Not Time to Party Yet!

“If you aren’t in over your head, how do you know how tall you are?” ~ T. S. Eliot

It’s official!

This morning I signed a contract with Mango Publishing to publish my re-titled memoir, Depression Hates a Moving Target: How Running with My Dog Brought me Back from the Brink.

Yes, I’m over the moon!

But it’s not time to party. Now the real work begins.

The editor made suggestions and I have my own ideas of what still needs work. I have until December 1st to submit a “final” draft. (Is any writing project ever final in the writer’s mind even after it’s published?) That will be edited and returned to me. I’ll make those additional revisions and then it will be submitted to the copy editor.

Boom! Boom! Boom!
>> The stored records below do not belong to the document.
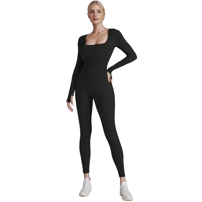 跨境秋冬螺纹长款连体瑜伽服女速干跑步健身运动连体衣长袖瑜伽裤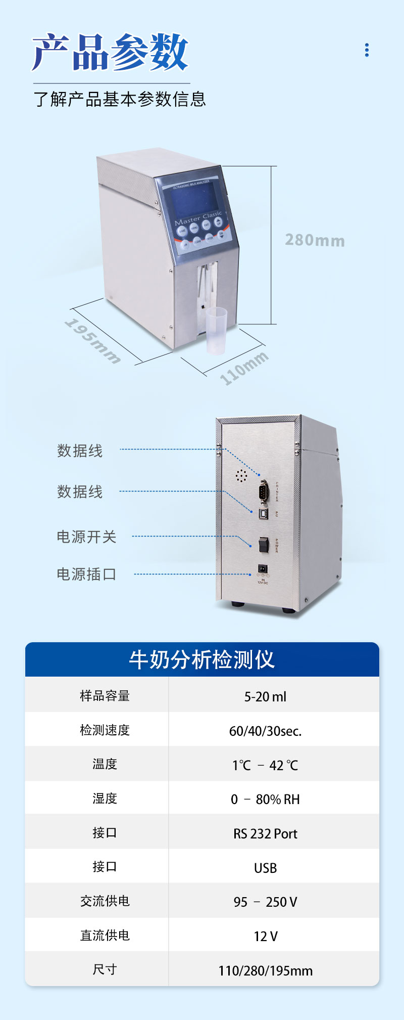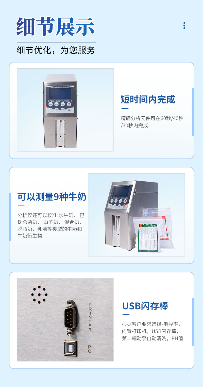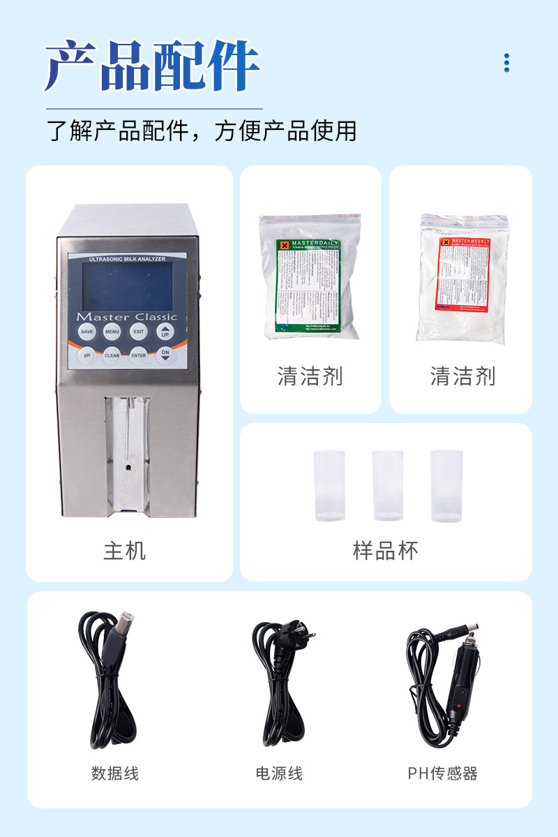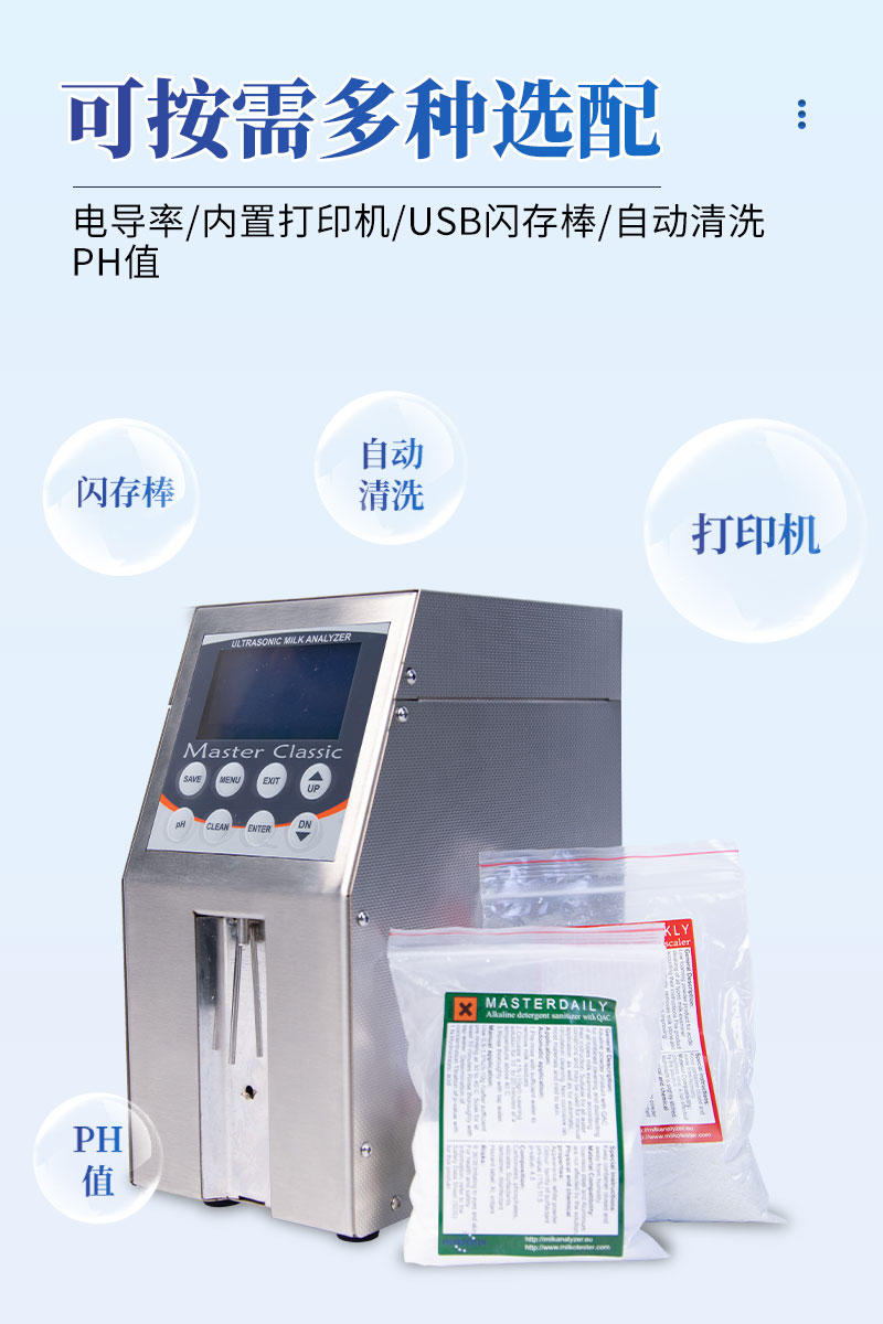 1、MILK CLASSIC是一種高質(zhì)量可以測量9種牛奶參數(shù)的儀器。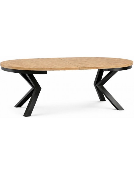 Apaļš izvelkamais galds VIGUS ar lamināta galda virsmu un metāla kanti. Kājas izgatavotas no melna, pulverkrāsota metāla.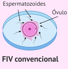 - FIV convencional: Los ovocitos se dejan incubando con el semen previamente capacitado, simulando el proceso de fecundación natural.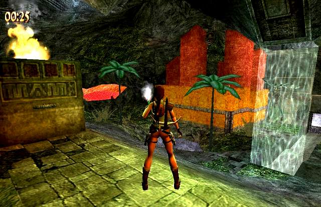 Drachenkopf an. Springe wieder zurück, gehe dort ins Wasser, so daß Lara die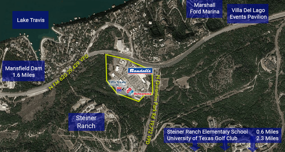 Quinlan Crossing is located between Lake Austin and Lake Travis at the main entrance of the upscale and affluent Steiner Ranch master-planned community, which is home to The University of Texas Golf Club.
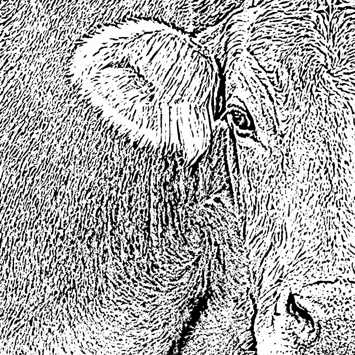 in der serie „tierlinien : dunkelschwarz : lichtweiß“ werden ansichten von tieren auf strukturen und linien reduziert. die besondere ausarbeitung hebt die individualität der unterschiedlichen tiere hervor. fell, pelz, glatte haut oder falten und runzeln, feines oder robustes gefieder.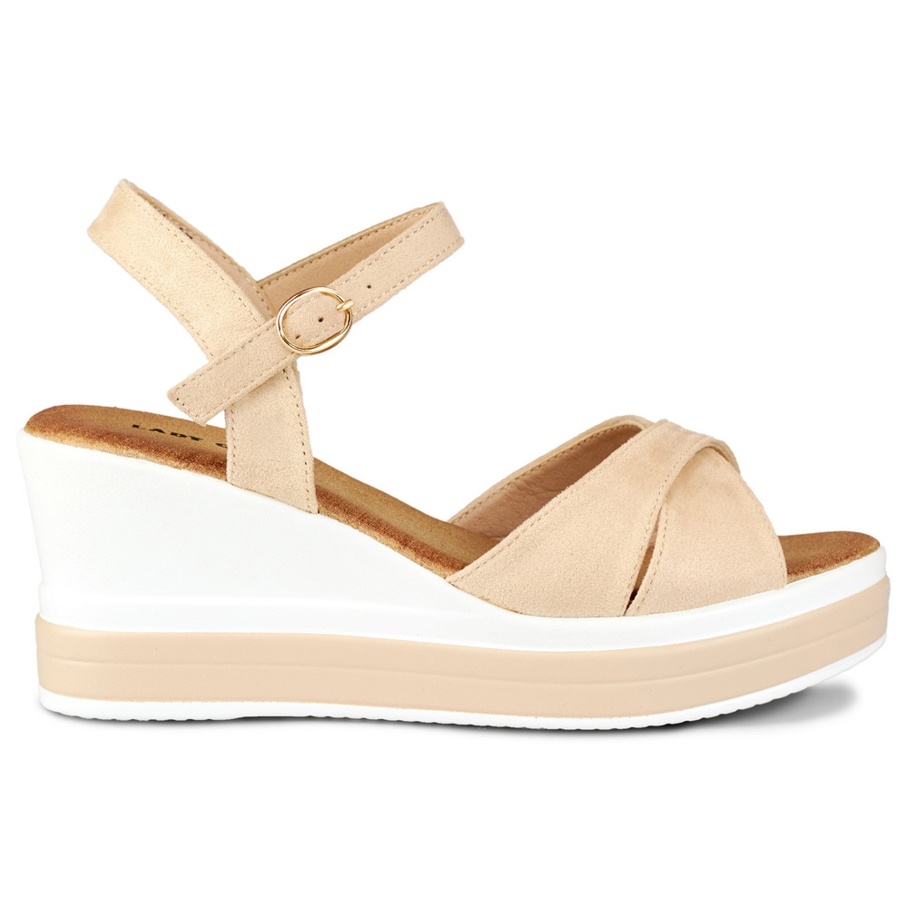We present comfortable beige wedge sandals from the renowned KeeShoes brand, which will be the perfect choice for spring and summer days. Made of high-quality ecological suede, these elegant sandals perfectly fit into current trends, while ensuring comfort of wearing.

The published book is expected in Spring of 2019.

In the meantime, if it seems I’ve disappeared, my apologies. I’m head down, working, blinders on.

Don’t worry. I’ll keep you posted as developments occur.

We party in the Spring!!

Practicing My Weaknesses

“I’ve always considered myself to be just average talent and what I have is a ridiculous insane obsessiveness for practice and preparation.” – Will Smith

I’m currently listening to Racing the Rain by John L. Parker. In one scene, young Quenton Cassidy, the main character, learns basketball tips from a famous one-on-one player. The professional gives Quenton the ball and tells him to take his best shot. As Quenton approaches the basket, the expert crowds Quenton to the right. He pushes him so far to the right that Quenton eventually must move to the left, his weak side since the boy is right-handed. Then the pro easily steals the ball. After repeated failures, the expert explains that Quenton must practice his weak side. “I see you practicing what you’re already good at,” he says. To become a pro, Quenton must practice his weaknesses until they becomes natural.

I think about this with writing. I too adore things I’m already good at and want to spend all my time “playing” at those. I love the first draft, no outline, staring down the blank page. I love the freedom to write whatever I want, making something from nothing. I also love detailed editing, crafting sentences, and choosing the right word. These are my “right side.”

But I grow the most by working on skills that don’t come naturally. Plotting and outlines are my nemesis. Big picture revision is a struggle. While I don’t practice them for hours the way the basketball pro urged Quenton, I recognize their necessity and feel my resistance when it’s time to pull those tools out of the kit. I wish I could say I just push through, but I don’t. I usually stall a bit. I’m like a horse that doesn’t want to get into the trailer. It takes a carrot or two, but eventually, because I’m well trained, I force myself to study the big picture and puzzle out the plot. Professionals do the hard stuff too. Hopefully, this makes the reading easy.

Comma Summary

Comma Summary

I like for people to think I’m a punctuation and grammar whiz kid. I am not. I use cheat sheets like this. I also hire editors or ask friends to read my work. The spell and grammar check functions in Word are lovely, but they don’t catch everything.